Heralds of gentrification already emerge on the outer borders of the neighborhood. Apartment houses are being built or renovated. Artists from a local art school have established their studios on the site of the Old Bus Station. There are plans for new apartment buildings and a park right next to it. A while ago, a fund was established that pays every student from Tel Aviv University 10.000 NIS per year if he or she moves here.
“Of course the residents are offended by this”, Yonatan says. “Why give all this money to people who need to be convinced to move here, while they have been living here for years?” But most of these people are not citizens.
“They don’t vote, so no one cares.”
“Spatial remedies are necessary but not sufficient to remedy spatial injustices – let alone social injustice.”
The residents seem to be resigned about political participation or taking action on a larger scale. As Atif and Mubarak told me earlier, they feel that all Israelis hate them. That is no surprise, given that they were here already when “south Tel Aviv [was] on fire” due to protests and clashes in 2011 and 2012.
The two are not there anymore when I get back to Levinsky Park in the evening. The sun has gone down now, but the Park is still bright – illuminated by huge floodlights that give the impression of surveillance rather than safety.
The women who had been picnicking with their children on the playground earlier have vanished. Instead, there are mostly men in the park now. However, it is not a dangerous atmosphere – maybe because the space is very open, its interior is visible from the outside. And then there is the police station right next to it, of course.

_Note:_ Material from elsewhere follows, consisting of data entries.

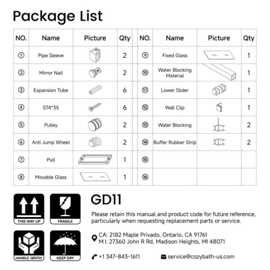 Tempered Glass: Crafted with 3/8" (10mm) thick SGCC certified clear tempered glass, our glass shower door is tough and durable with resistance to impact and scratch, reducing the risk of injury from sudden breakage.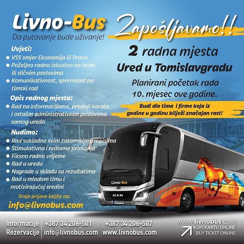 Livno-Bus planira početkom 10. mjeseca otvoriti ured u Tomislavgradu. Sukladno tome raspisuje natječaj za prijem dvije osobe za rad u ovome uredu.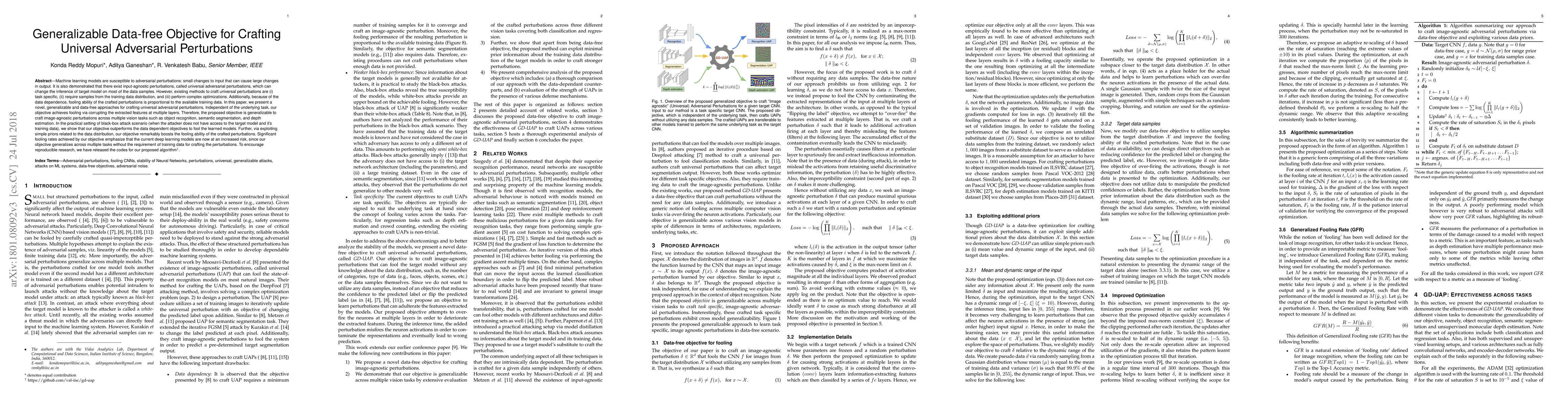 Machine learning models are susceptible to adversarial perturbations: small changes to input that can cause large changes in output. It is also demonstrated that there exist input-agnostic perturbations, called universal adversarial perturbations, which can change the inference of target model on most of the data samples. However, existing methods to craft universal perturbations are (i) task specific, (ii) require samples from the training data distribution, and (iii) perform complex optimizations. Additionally, because of the data dependence, fooling ability of the crafted perturbations is proportional to the available training data. In this paper, we present a novel, generalizable and data-free approaches for crafting universal adversarial perturbations. Independent of the underlying task, our objective achieves fooling via corrupting the extracted features at multiple layers. Therefore, the proposed objective is generalizable to craft image-agnostic perturbations across multiple vision tasks such as object recognition, semantic segmentation, and depth estimation. In the practical setting of black-box attack scenario (when the attacker does not have access to the target model and it's training data), we show that our objective outperforms the data dependent objectives to fool the learned models. Further, via exploiting simple priors related to the data distribution, our objective remarkably boosts the fooling ability of the crafted perturbations. Significant fooling rates achieved by our objective emphasize that the current deep learning models are now at an increased risk, since our objective generalizes across multiple tasks without the requirement of training data for crafting the perturbations. To encourage reproducible research, we have released the codes for our proposed algorithm.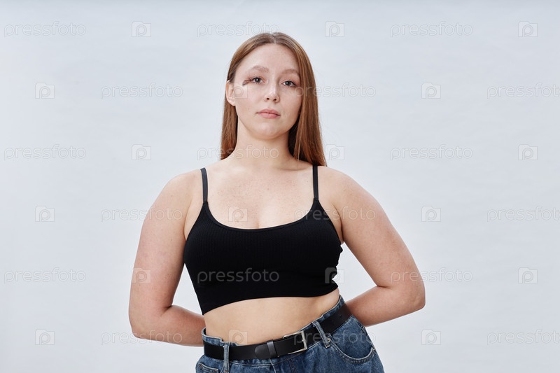 Портрет модели плюс-size с родинкой на лице, позирующей в студии во время ношения нижнего белья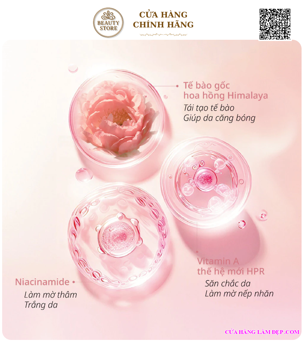 Với công thức chứa Tinh Chất Tế Bào hoa hồng kết hợp cùng các hoạt chất chống oxy hóa, sản phẩm giúp tái tạo làn da, tăng độ đàn hồi và mang lại vẻ ngoài tươi trẻ, rạng rỡ. Kết cấu kem mềm mịn, thẩm thấu nhanh, không gây nhờn rít, phù hợp với nhiều loại da.
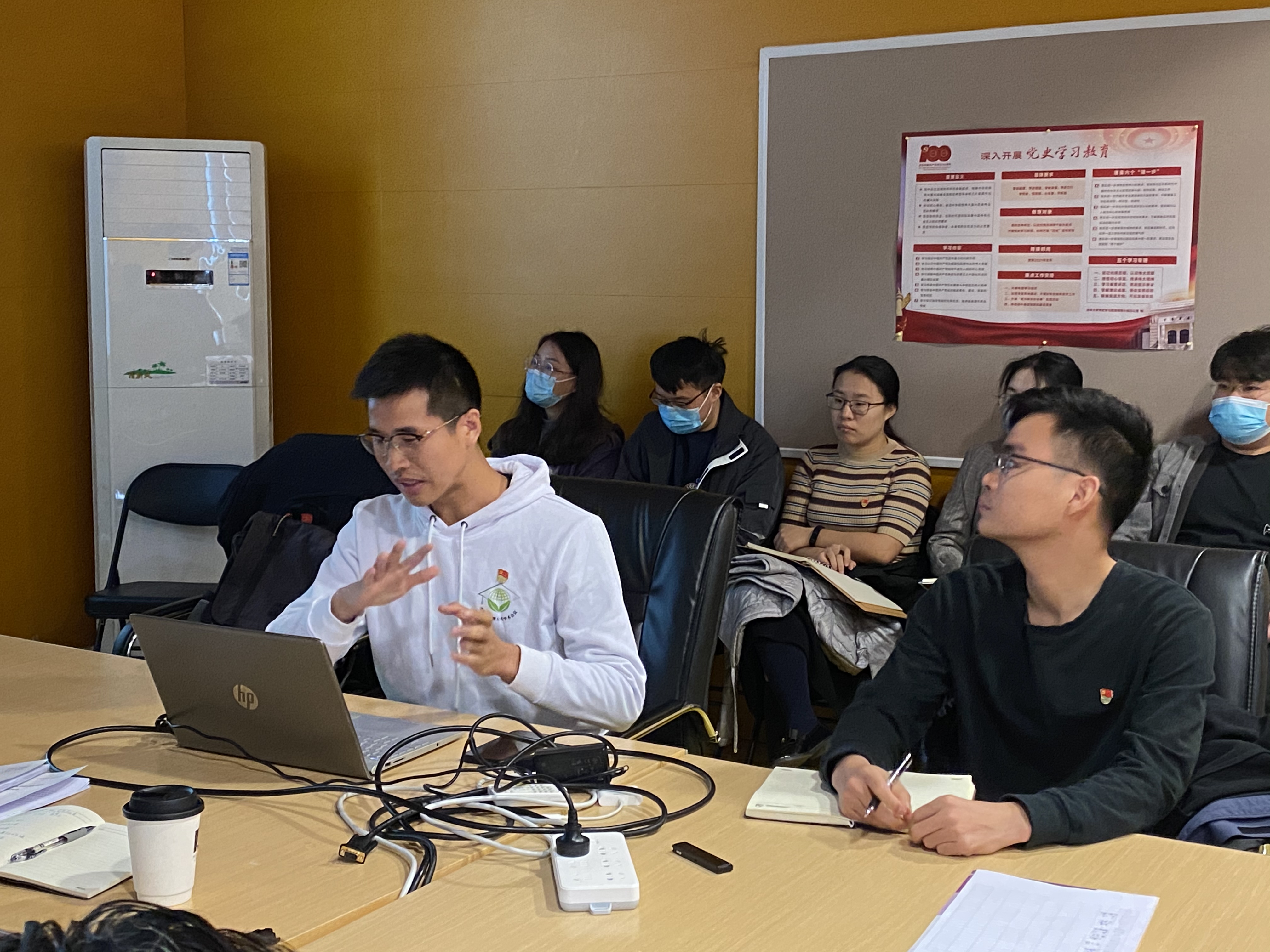 环研三党支部书记郑凯旋带领大家集中学习了《中国共产党普通高等高校基层组织工作条例》,介绍了条例的基本设置和内容分布,并通过设置10个问题深入剖析了条例的基本内容和核心思想。

Against the noise of the street, young men are playing volleyball on the fenced field, some are sitting on the benches or in the grass, and in one corner the volunteers of Levinsky Soup are setting up a long table. They give out 400 portions of soup every evening.
It is just one of several projects that take small steps rather than big action – and nevertheless have a great impact on the neighborhood. The Garden Library, for instance, opens three times a week in the early evening. It holds books in 16 different languages. Volunteers look after the kids who love to come and play here. They offer language lessons and movie nights. Over the course of five years, the library gained 450 subscribers – and the trust of the neighborhood, which I can tell as one of the kids whom I attempt to photograph asks me, “are you one of them? No? Then don’t take my picture, please.”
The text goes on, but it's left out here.